The writers of the words for the songs - the Scottish poets - have written them for the people - for the nation - for the many - not for the few.13

The music is thought to demonstrate honest heart-felt expression, but it has to be considered lacking in refinement:

Scotch songs are not 'pretty'. Though they have been the rage in drawing-rooms, they are yet born of the people. They were not meant to be merely ornamental; they were the growth of simple taste, of true feeling, often of intense passion. [276]

The suggestion is that the Scottish people are a homogeneous mass, that their songs spring from the people and are for the people, hence they have a universal appeal. Indeed, the writer goes on to advise Tennyson to be less classical and strive for universality.

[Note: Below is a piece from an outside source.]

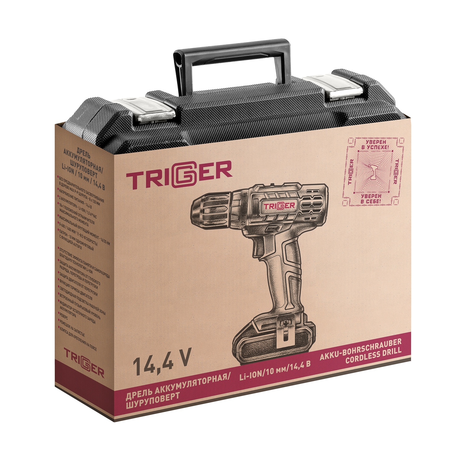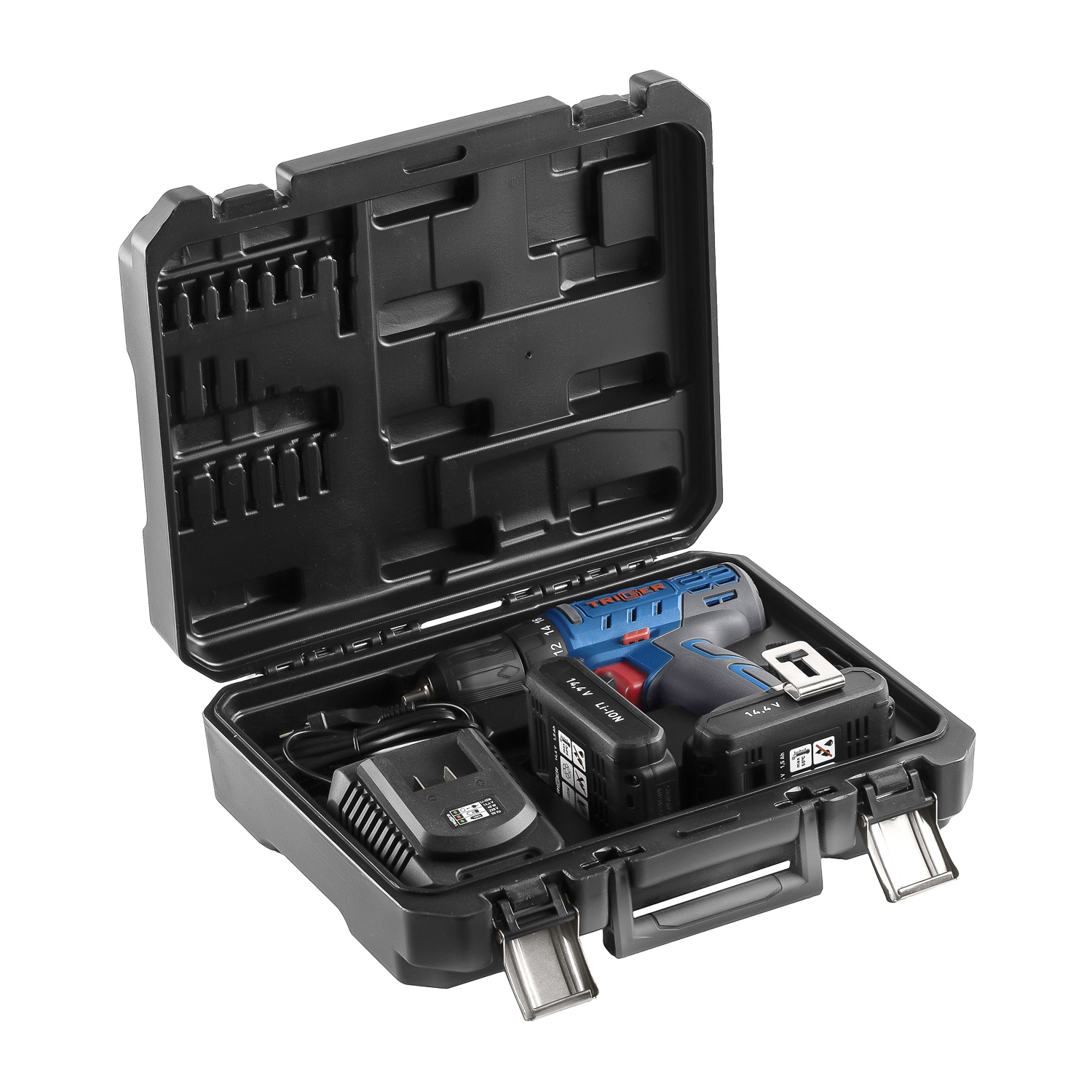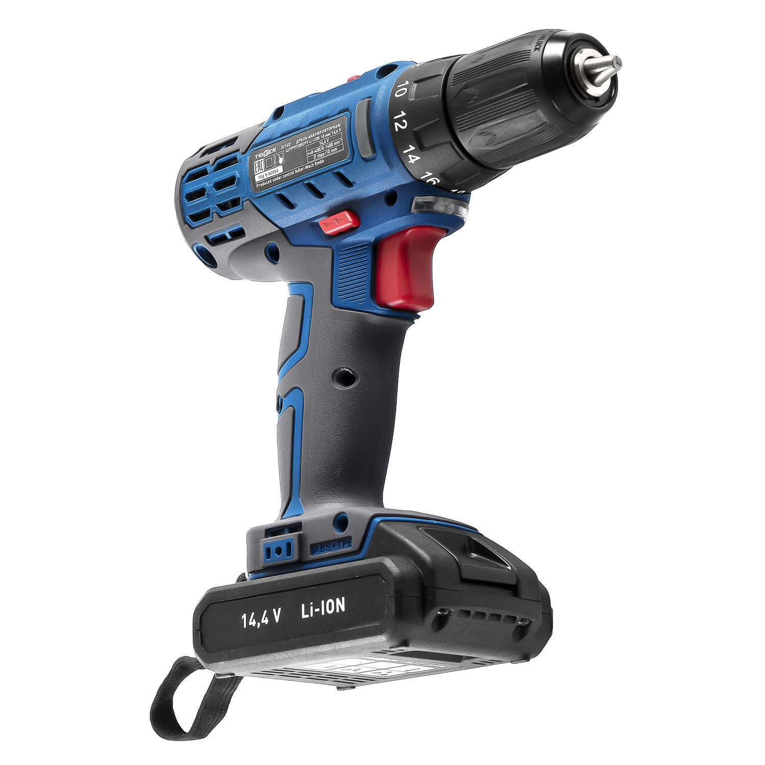 Дрель-шуруповерт Trigger 20102, 2 аккумулятора Li-ion (1,5Ач), 14,4V, 10 мм, 35 Нм, слайдер, кейс

The organic Scottish society was, of course, a myth, and Scottish song which was not actually bourgeois in origin still only reached the drawing room after bourgeois mediation. By 1852, not only were most of the texts of Scottish songs the product of the Lowland middle class, or members of the old Scottish aristocracy with a sentimental attachment to Jacobitism, but many tunes had been freshly composed or modernized. The extent of this rewriting may not have been obvious to the writer quoted above, because in the first half of the nineteenth century any song text which was written by a woman would be published without attribution. Therefore, anyone keen to be reassured of the naturalness of bourgeois values might be ready to believe that these anonymous songs had sprung from untutored Scottish peasants. There was a ladies' musical society in Edinburgh which encouraged anonymous songwriting (Lady Nairne was a leading member).

It was mentioned in the previous chapter that Felicia Hemans played a key role in the emergence of women songwriters into the drawing-room ballad market; two features of her work should be stressed, since they mark her out from the Edinburgh ladies: she did not write in dialect and she did not publish anonymously. Anonymity was respectable (because modest) but worked against the economic interest of women. Lady John Scott, née Alicia Spottiswoode (1810-1900) was composer and author of several successful ballads, but because she remained anonymous until the mid-1850s her influence on other women was slight compared with that of Caroline Norton and Maria Lindsay. Also it meant that, because she had no personal reputation, anything she did outside the realm of 'Scotch song' was liable to be overlooked. One of her most well-known songs today, 'Think on Me', a straightforward Bayly-style drawing-room ballad, was first published ten years after her death.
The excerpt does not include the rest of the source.